* _THE TASK_:
From the entries below, output the line with "먼저 ‘데드 브라이드’를" and each following line up to and including the line with "- Convenience Kojic", exactly as written.

* _DATASET CONTENT_:
********

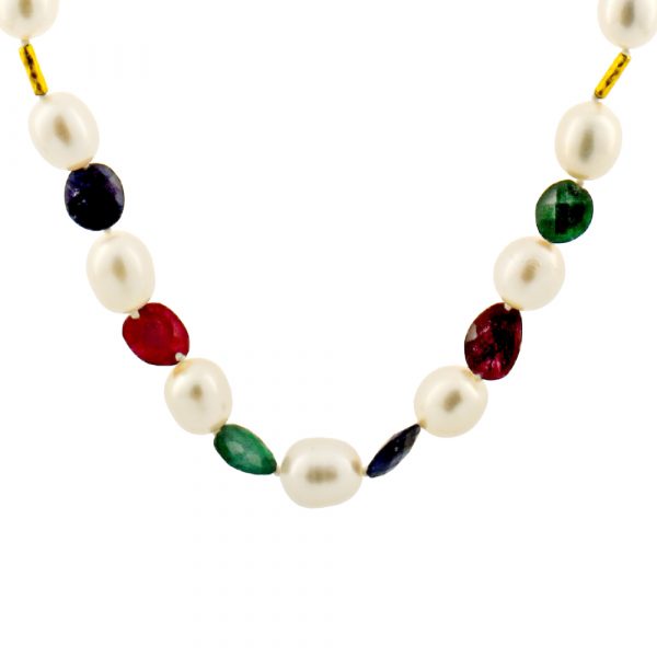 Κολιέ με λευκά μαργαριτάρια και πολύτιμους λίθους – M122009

********

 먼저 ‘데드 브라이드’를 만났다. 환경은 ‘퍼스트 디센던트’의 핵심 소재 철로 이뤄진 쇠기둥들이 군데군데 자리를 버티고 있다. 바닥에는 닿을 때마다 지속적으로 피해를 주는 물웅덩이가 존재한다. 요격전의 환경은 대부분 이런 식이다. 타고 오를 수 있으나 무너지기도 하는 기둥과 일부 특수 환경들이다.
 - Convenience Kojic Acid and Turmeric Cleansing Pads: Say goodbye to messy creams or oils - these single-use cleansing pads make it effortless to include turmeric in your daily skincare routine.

********

* _SOLUTION TO THE EXERCISE_:
 먼저 ‘데드 브라이드’를 만났다. 환경은 ‘퍼스트 디센던트’의 핵심 소재 철로 이뤄진 쇠기둥들이 군데군데 자리를 버티고 있다. 바닥에는 닿을 때마다 지속적으로 피해를 주는 물웅덩이가 존재한다. 요격전의 환경은 대부분 이런 식이다. 타고 오를 수 있으나 무너지기도 하는 기둥과 일부 특수 환경들이다.
 - Convenience Kojic Acid and Turmeric Cleansing Pads: Say goodbye to messy creams or oils - these single-use cleansing pads make it effortless to include turmeric in your daily skincare routine.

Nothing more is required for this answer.